Memory tests: enter image description here

Evgeniy Terekhin
  • 596
  • 3
  • 10
  • .NET Framework or .NET Core? – Theodor Zoulias Jan 19 '20 at 10:41
  • I am surprised that `ToArray` is faster. I would bet that `ToList` would be faster because it involves less steps. ([Is it better to call ToList() or ToArray() in LINQ queries?](https://stackoverflow.com/questions/1105990/is-it-better-to-call-tolist-or-toarray-in-linq-queries)). Did you tested it on .NET Framework too? – Theodor Zoulias Jan 19 '20 at 10:47
  • The implementations ```ToList``` are different in .net core and .net framework. I didn't test it on .net framework, but I know that ```ToList``` is better there, because of ```ToArray``` method call ```ToList``` internally. But .net core developers rewrote ```ToArray``` and it's faster now. @TheodorZoulias – Evgeniy Terekhin Jan 19 '20 at 10:57
  • I can see that there are also smaller pits starting at 130,000 and 260,000 items. It seems that the pits are following the resize pattern of the internal buffer (it is doubled in size when it becomes full). – Theodor Zoulias Jan 19 '20 at 12:29
  • Yes, I agree, but I can't understand why? This is JIT trick maybe@TheodorZoulias – Evgeniy Terekhin Jan 19 '20 at 12:40
  • "The Art of Performance Measuring", the book of this [Benchmark] creator, is describing this 'List.Add' in the Pitfalls section. https://books.google.com/books?id=IXCfDwAAQBAJ&pg=PA59&lpg=PA59&dq=array.maxarraylength&source=bl&ots=P6WVcXmAQu&sig=ACfU3U1DH9PY4sAjYQEOTvlQaalzcF1UtA&hl=de&sa=X&redir_esc=y#v=onepage&q=array.maxarraylength&f=false – Holger Jan 19 '20 at 14:05
  • In .NET Core there is a specific optimization for enumerables created with `Enumerable.Range`. There is an internal class [`RangeIterator`](https://source.dot.net/System.Linq/System/Linq/Range.SpeedOpt.cs.html) that knows how to create arrays and lists as fast as possible. I have no idea what causes the pit though. It seems that there is a non-linear correlation between the size of the array and the time needed to allocate and initialize it. Larger arrays are allocated faster than smaller arrays, sometimes. – Theodor Zoulias Jan 19 '20 at 16:44
  • Could you provide an example when allocation larger arrays are faster than smaller, please?@TheodorZoulias – Evgeniy Terekhin Jan 20 '20 at 03:51

2 Answers2

1

The number of items in EnumerableInts is unknown. It's just an enumerable with an arbitrary number of items. Thus, when you call ToArray() the runtime must allocate an array with unknown size. Then it starts copying items from the enumerator. Once the array length has been reached, it will re-allocate a new array with twice the length. See EnumerableHelpers.cs(76)

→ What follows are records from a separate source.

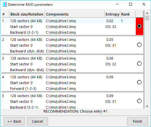 The list is showing no more than 10 combinations for each start sector. These 10 combinations were found to be the most likely ones. All others had been discarded. Each combination is checked if the resulting data "make sense". Each evaluation is given a value, called "entropy". The smaller this value is the more likely the entry represents the correct RAID parameters. The value of the best (first) entry should be at least 20% smaller than any other entry for a given start sector. If there is no such entry you will not get the recommendation above, but the warning "THIS RESULT IS NOT SIGNIFICANT!". If you get this message, most likely something is wrong. Additional information is provided if there was a file system on the broken RAID. Just below the entropy you can see an "OS:" followed by a number. RAID Reconstructor tries to parse the master boot record found in RAID sector 0. Depending on the integrity of the file system for the given combination it assigns two digits. They have the following meaning: The left digit is the number of partitions found. The right digits is the number of partitions that actually point to a valid file system boot record. Note: The information above is only provided if the RAID in question is a hardware RAID. Choose the desired entry (most probably the first one) and click Finish. This copies the selected parameters into the main screen. If you have a significantly small entropy (compared to others) and a high OS:xx value as in the example above, there is usually no doubt that this combination is the one you are looking for. If not you must look closer. If there are several combinations with almost the same values you might redo the analysis with a higher number of sample sectors (see above). You might also evaluate the "Start sector of the RAID" and run the XOR test tool. If you still do not get significant results you will have to determine the right ones with try and error: create a Virtual Image, check if you get your data with Captain Nemo or GetDataBack, try the next combination. If you still do not get your data you can order our RaidProbe service and we will determine the parameters for you.
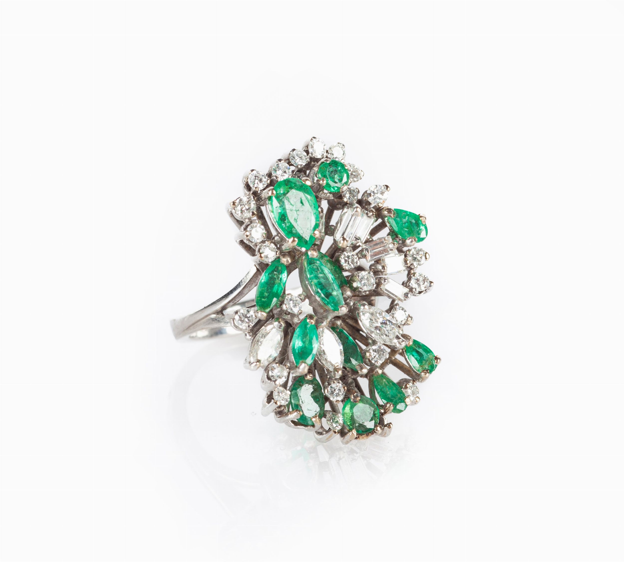 Oro bianco 750/000. Diamanti in taglio rotondo, baguettes e navette. Smeraldi in taglio navette e goccia. Peso complessivo gr. 11,30.
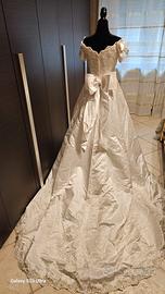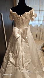 bellissimo abito da sposa Della Provonias con corpetto lavorato, strascico e fiocco sul retro, fiocchi sulle spalline , da lavare
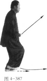 动作窍要同定步鹰捉左式(图4-380 ),此式以前之 图省略。
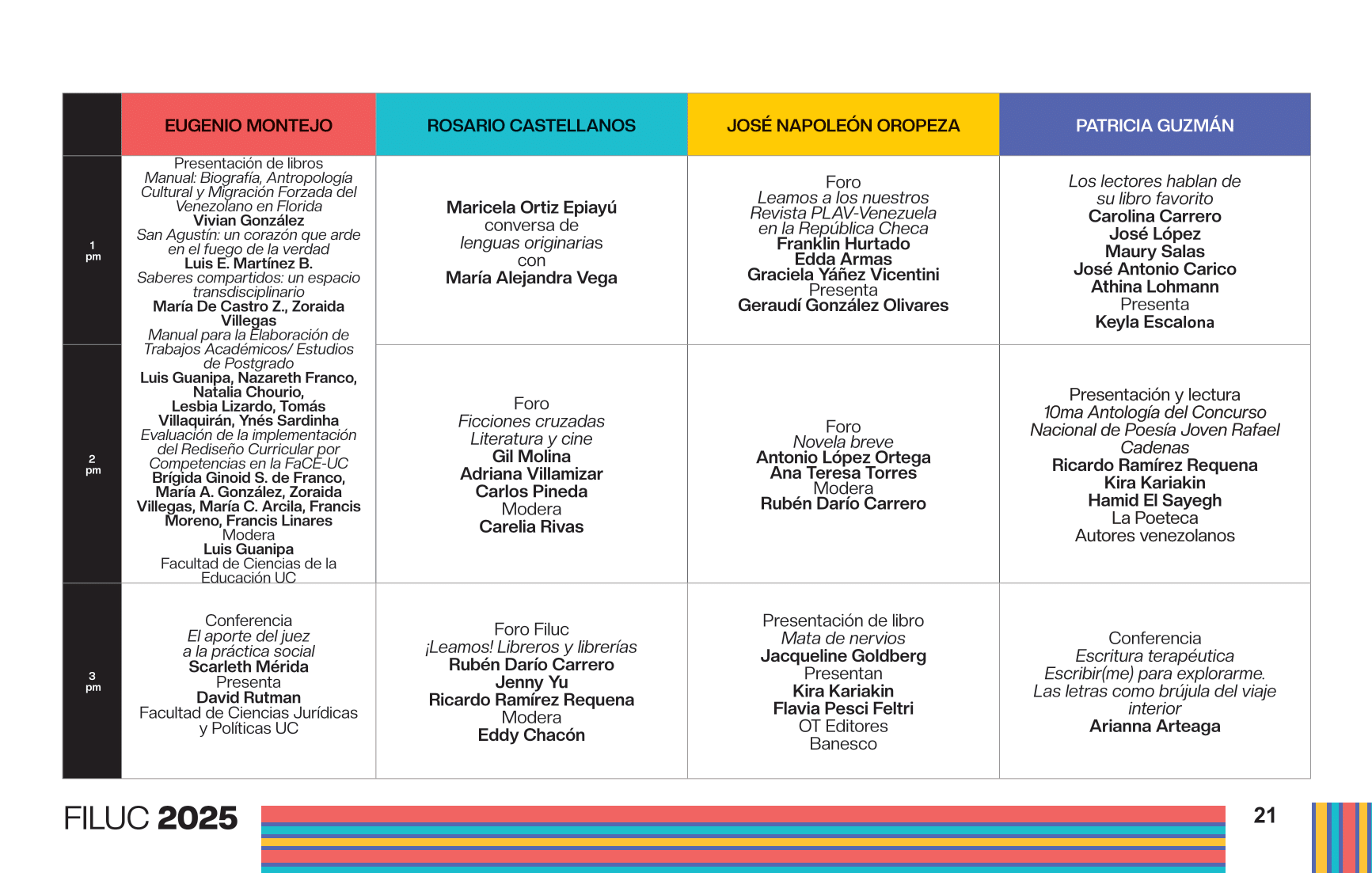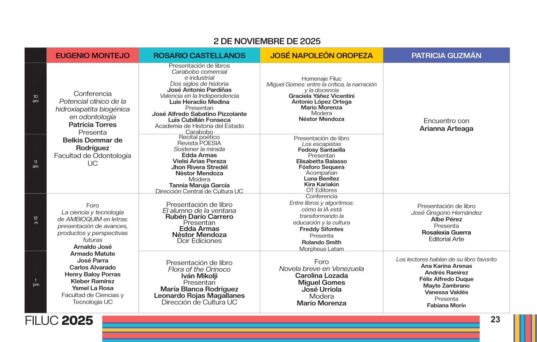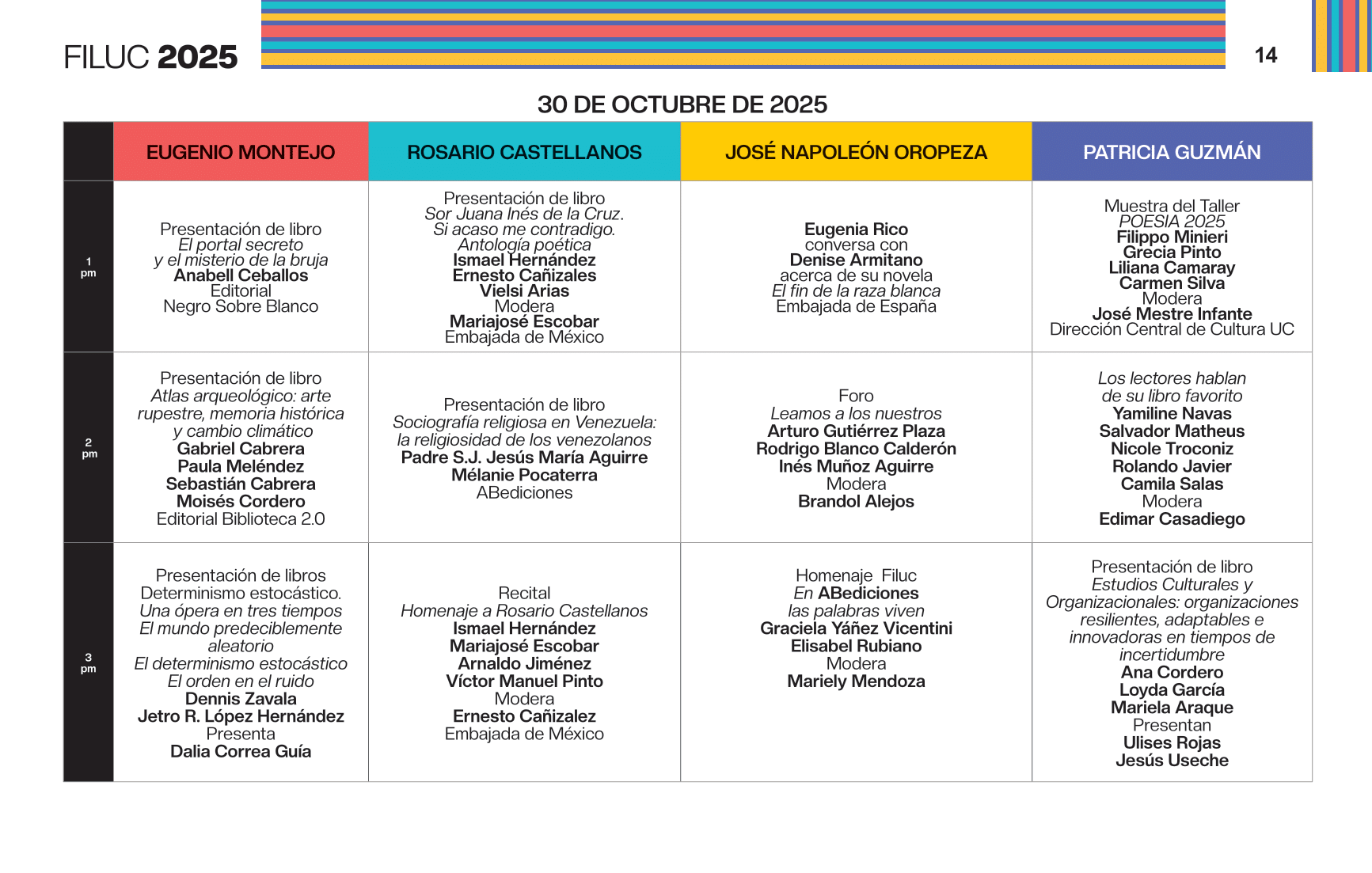 - 2:00 p.m. Presentación y lectura de la 10ma antología del Concurso Nacional de Poesía Joven Rafael Cadenas. Participan: Ricardo Ramírez Requena, director de La Poeteca; Kira Kariakin, jurado del 10mo Concurso Nacional de Poesía Joven Rafael Cadenas; y Hamid El Sayegh, finalista del concurso. Sala Patricia Guzmán.

The larger number of items returned from the enumerator, the more temporary arrays will be allocated. The pits in your benchmark are caused by the Garbage Collector, collecting the temporary arrays that are no longer referenced.

l33t
  • 18,692
  • 16
  • 103
  • 180
0

On a real IEnumerable, that cannnot be casted to anything else, what you enforce by using the yield return iterator method, ToArray is calling ToList, not because of ToList is faster, but it's more flexible, it's prepared to handle an unknown Count of Data. We have to avoid to enumerate the enumeration twice, what would happen if one would use the Count() extension, for example.

ToArray() would be faster - if you know the number of elements in advance. This would be the case if the source is an ICollection - it's actually the only idea of an ICollection to support this function - knowing the number of elements in Advance.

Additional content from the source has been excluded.